[EXERCISE INSTRUCTIONS] Copy, word for word, the lines of the listing below from the line with "LA CAMIONETA terminó arriba de la banqueta." up to and including the line with "自分の考えを説明する、傾聴する". Drop the pictures.

[INPUT]

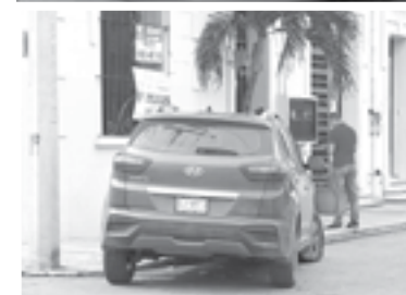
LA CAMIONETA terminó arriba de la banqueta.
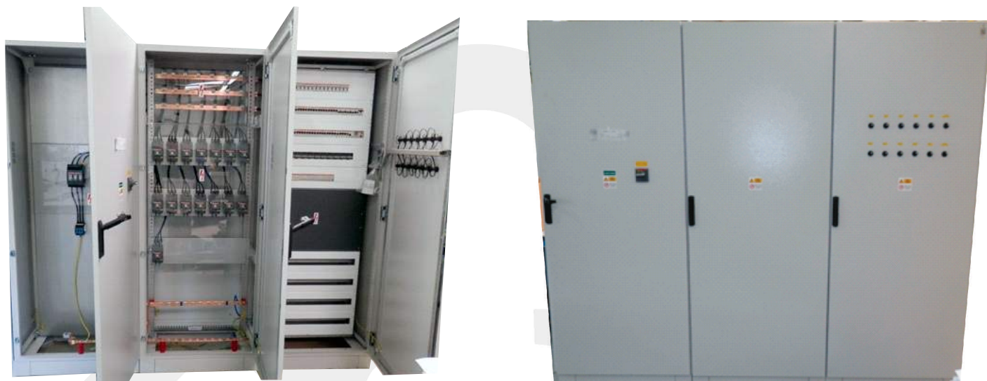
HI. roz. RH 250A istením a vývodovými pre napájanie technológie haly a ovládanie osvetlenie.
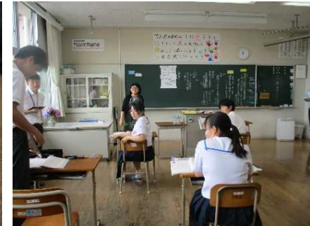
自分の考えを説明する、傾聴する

---

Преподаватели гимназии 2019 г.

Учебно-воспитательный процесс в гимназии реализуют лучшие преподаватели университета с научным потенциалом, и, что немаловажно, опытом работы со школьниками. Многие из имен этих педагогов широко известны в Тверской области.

[RESPONSE]
LA CAMIONETA terminó arriba de la banqueta.
HI. roz. RH 250A istením a vývodovými pre napájanie technológie haly a ovládanie osvetlenie.
自分の考えを説明する、傾聴する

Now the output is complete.